I’m on the faculty at Stanford in the School of Engineering and I’m also the Co-Director of Stanford’s Technology Ventures Program. I’ve been deeply embedded in the Silicon Valley entrepreneur scene but also in entrepreneurship US-wide and even global.
We have time to look at a lot of different entrepreneurial companies and we also have the time to think about it. We also focus on this idea simple rules. The idea is that in a key process, like hiring or marketing, what are the few simple rules that are really your strategy? And finally, we are a book that’s about scaling. So not a book for when you need an idea but for when you have one and you want to get it out there fast. We are focused on growing your business once you have the idea.
We did write it to be read cover to cover. However, if you are one of those people that doesn’t have a lot of time then you can read the first chapter to understand what simple rules are and then chapter 5 which explains how to create them.
I think the key concept is a few simple rules tames the complexity that everybody faces. They win because they’re fast, they’re flexible, and everyone can remember them.
What you will read first is what simple rules are, they are a handful of rules that are unique to you that are focused on a key process. We then go into why do simple rules work? They work because they’re fast, they’re flexible and easy to follow.
Once we have a good basics of what simple rules are for the reader, we then want to talk about the different kinds of rules. There are actually six kinds of rules ranging from boundary rules to stopping rules. We explain the six kinds of rules and why it’s important to know the kind. One reason is because by knowing the kind you will have a more effective portfolio of the rule. The second is because some rules are actually harder to learn but more important for performance.
Once we have run through what rules are, how they work, different kinds of rules, we then get into where they come from. Here we talk a bit about how they naturally appear if you don’t pay attention. Then we move into a three step process that really goes through how to actually develop those rules. The first step is ‘what’s your objective?.’ The second step is ‘What’s my bottle neck?’ and the third step is figuring out how to attack it.
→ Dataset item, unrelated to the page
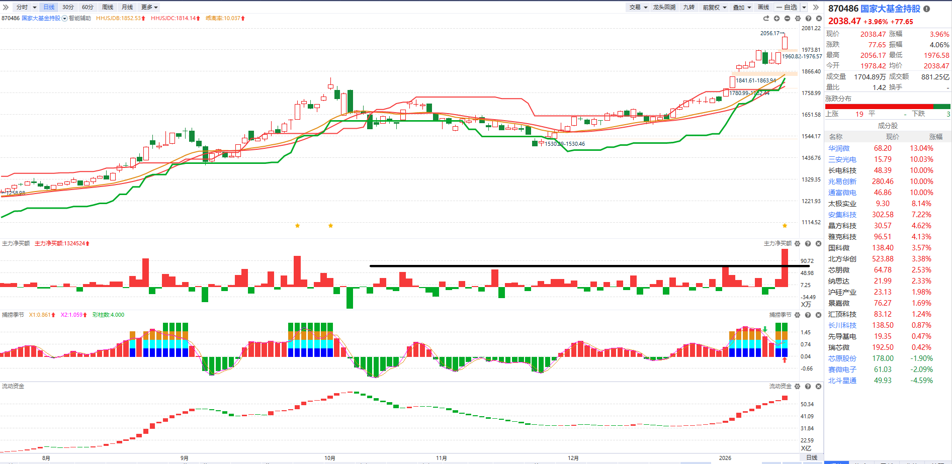 国家大基金持股,也是符合【炒作+资金异动+流动资金翻红+股价在牛熊线上】
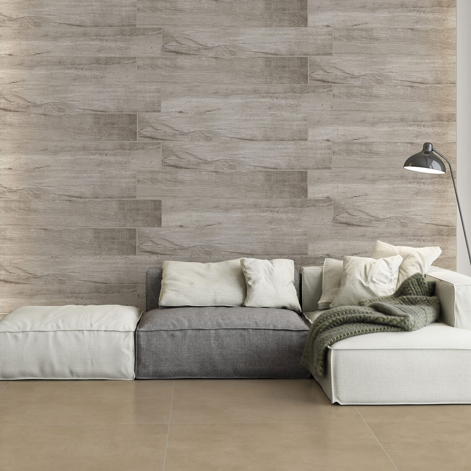 Porcelanato Maderado Gris 18X113Cm Piso Pared

NOTE: That was just a summary. To get the full deep dive, play the audio clip at 05:19X
“Complexity isn’t destiny.” – Kathleen Eisenhardt
The inspiration came from some research I did awhile ago. I was looking at tech companies and how some could put out products that were successful and others couldn’t. We noticed that there were two pathologies: people that had too much structure in their company and then people that had too little. Then we started to notice that most entrepreneurs are coping with fast paced, complicated, uncertain environments and those entrepreneurs that were successful were the ones that were able to crystalize what they were doing with a few rules and then improvise after that.